There are different types of fields we can have. For this simple example, we'll only deal with categorical, numerical and dates.

We'll first create a base class `Field` that other fields will inherit from.

In [0]:
class Field:
  def __init__(self, name):
    self.name = name

  def generate_random(self, seed=None):
    raise NotImplementedError('Field.generate_random(seed)')

  def estimate_label(self, value):
    raise NotImplementedError('Field.estimate_label(value)')

The `generate_random()` method will allow us to create a random instance of this field. That is, a random element from the categories, or a random number within a range, or a random date within a range.

The `estimate_label()` method will allow us to *evaluate* a value and get a *score* from `0` to `1`. This value will help us calculate the value we want the model to learn to predict, called *label*. They don't have to be strictly between `0` and `1`, but as long as they are mostly smallish numbers.

We will use the scores from all the fields in a pipe to calculate the *label*, which is the value we want to predict.
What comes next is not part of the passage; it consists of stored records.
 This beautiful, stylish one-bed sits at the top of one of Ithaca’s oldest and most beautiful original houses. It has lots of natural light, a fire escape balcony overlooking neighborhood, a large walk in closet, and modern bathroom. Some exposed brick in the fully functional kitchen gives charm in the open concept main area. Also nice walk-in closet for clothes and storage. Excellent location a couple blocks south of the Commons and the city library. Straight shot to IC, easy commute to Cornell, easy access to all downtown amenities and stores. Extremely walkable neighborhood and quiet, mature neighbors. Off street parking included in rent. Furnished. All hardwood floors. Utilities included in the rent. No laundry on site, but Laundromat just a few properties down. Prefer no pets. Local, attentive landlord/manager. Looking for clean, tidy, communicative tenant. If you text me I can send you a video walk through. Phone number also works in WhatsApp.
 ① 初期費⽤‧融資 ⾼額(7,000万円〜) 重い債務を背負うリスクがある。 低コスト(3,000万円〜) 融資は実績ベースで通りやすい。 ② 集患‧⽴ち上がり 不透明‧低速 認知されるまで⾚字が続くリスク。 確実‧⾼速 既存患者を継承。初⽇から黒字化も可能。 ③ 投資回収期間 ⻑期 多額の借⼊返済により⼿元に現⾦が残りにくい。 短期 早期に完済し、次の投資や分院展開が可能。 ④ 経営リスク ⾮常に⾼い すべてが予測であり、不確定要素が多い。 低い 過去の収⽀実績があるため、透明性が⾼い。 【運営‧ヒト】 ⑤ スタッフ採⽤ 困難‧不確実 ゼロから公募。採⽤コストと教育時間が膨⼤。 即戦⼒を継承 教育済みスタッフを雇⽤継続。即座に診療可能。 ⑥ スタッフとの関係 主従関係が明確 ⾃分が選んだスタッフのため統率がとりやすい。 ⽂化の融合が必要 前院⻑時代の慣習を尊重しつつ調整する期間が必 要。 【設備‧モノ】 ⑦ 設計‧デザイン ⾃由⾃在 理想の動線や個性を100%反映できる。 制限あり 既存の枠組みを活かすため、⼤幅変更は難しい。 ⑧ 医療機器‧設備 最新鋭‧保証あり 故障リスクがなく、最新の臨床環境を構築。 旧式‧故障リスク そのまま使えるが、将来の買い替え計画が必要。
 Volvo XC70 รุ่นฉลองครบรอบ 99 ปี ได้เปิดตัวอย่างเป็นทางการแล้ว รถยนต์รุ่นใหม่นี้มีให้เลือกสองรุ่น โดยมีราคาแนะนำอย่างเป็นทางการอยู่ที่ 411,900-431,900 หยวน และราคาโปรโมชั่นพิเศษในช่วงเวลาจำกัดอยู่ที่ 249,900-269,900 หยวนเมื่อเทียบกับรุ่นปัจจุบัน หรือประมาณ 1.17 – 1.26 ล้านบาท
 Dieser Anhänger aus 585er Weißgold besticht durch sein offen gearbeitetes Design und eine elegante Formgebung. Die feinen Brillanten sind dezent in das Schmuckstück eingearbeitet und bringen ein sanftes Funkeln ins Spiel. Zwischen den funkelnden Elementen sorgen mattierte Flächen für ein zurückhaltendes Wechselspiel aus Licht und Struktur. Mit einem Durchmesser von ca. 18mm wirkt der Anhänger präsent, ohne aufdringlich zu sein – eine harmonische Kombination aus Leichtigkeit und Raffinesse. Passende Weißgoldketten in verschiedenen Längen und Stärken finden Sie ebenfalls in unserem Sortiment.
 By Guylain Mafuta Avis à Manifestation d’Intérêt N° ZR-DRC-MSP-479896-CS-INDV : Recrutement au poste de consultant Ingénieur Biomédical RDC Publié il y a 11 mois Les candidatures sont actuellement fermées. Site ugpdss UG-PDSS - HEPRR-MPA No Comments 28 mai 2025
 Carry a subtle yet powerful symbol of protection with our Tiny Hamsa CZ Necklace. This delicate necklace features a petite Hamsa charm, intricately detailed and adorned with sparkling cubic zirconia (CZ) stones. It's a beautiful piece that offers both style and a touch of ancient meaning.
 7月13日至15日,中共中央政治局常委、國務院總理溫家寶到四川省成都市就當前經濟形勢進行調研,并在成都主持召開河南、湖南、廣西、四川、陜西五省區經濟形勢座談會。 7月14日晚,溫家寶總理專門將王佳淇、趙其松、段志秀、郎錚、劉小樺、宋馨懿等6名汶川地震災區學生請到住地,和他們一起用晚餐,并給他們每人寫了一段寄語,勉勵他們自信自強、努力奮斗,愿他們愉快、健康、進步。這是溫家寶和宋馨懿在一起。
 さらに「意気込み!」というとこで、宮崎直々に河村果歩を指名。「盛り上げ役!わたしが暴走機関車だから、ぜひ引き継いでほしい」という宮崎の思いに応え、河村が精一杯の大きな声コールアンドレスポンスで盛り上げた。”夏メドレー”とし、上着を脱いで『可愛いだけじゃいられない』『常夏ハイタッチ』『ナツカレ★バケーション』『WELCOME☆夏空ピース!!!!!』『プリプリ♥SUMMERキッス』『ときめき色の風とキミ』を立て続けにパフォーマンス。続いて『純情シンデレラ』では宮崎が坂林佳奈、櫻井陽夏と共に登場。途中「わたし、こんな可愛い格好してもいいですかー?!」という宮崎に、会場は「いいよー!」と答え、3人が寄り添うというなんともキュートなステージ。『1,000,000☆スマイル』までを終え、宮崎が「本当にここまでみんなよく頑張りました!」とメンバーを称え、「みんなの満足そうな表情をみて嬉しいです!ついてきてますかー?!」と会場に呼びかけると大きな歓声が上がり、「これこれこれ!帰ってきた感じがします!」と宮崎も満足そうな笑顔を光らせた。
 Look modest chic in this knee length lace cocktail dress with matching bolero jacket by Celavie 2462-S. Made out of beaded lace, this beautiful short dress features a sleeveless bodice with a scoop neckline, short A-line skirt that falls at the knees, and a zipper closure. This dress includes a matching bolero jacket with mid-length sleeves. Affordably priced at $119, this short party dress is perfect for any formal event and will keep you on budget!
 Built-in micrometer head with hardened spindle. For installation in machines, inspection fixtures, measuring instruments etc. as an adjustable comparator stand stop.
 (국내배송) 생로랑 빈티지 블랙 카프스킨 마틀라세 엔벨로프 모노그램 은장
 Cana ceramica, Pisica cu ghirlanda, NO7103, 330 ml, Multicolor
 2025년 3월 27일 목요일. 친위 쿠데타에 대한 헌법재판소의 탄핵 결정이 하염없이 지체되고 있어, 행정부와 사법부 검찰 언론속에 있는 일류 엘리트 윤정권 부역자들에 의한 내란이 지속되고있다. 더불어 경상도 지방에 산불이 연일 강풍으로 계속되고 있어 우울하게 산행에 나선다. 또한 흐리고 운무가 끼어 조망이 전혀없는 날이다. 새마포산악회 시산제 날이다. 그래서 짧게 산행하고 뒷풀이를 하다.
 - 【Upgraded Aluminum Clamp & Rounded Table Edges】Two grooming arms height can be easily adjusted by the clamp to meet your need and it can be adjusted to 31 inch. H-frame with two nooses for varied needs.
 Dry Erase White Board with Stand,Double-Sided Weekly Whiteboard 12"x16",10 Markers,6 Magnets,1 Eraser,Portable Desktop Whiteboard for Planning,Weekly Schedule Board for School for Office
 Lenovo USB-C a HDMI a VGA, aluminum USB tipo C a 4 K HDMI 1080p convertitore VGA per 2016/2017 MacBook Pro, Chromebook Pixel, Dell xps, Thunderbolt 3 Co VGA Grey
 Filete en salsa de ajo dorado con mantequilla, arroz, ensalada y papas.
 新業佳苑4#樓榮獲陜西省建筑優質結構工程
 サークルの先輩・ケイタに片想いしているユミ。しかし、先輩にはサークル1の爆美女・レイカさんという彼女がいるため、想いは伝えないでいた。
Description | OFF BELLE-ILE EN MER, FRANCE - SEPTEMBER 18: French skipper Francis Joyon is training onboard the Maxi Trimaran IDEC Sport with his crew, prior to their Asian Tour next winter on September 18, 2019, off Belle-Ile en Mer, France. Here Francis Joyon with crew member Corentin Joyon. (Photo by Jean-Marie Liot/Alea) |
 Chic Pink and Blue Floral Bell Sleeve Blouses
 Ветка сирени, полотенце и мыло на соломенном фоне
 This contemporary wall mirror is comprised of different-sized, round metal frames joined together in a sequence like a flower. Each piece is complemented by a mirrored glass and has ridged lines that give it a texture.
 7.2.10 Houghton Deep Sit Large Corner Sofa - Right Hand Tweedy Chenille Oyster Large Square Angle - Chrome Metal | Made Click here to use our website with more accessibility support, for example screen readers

In this case, our label is the number of years between repairs.

## CategoricalField

For categorical fields, we have a finite number of options.

To estimate the label, we will assume the values have a linear relationship. That is, the first value will be `0`, the next ones will increment by fixed steps until the last one which will be `1`.

You could also make them follow a normal distrbution to get values from `0` to `1`, making different values have different weights.

In [4]:
class CategoricalField(Field):
  def __init__(self, name, categories):
    super().__init__(name)
    self.categories = categories

  def generate_random(self):
    # We only need to make a random choice from all possible categories.
    return np.random.choice(self.categories)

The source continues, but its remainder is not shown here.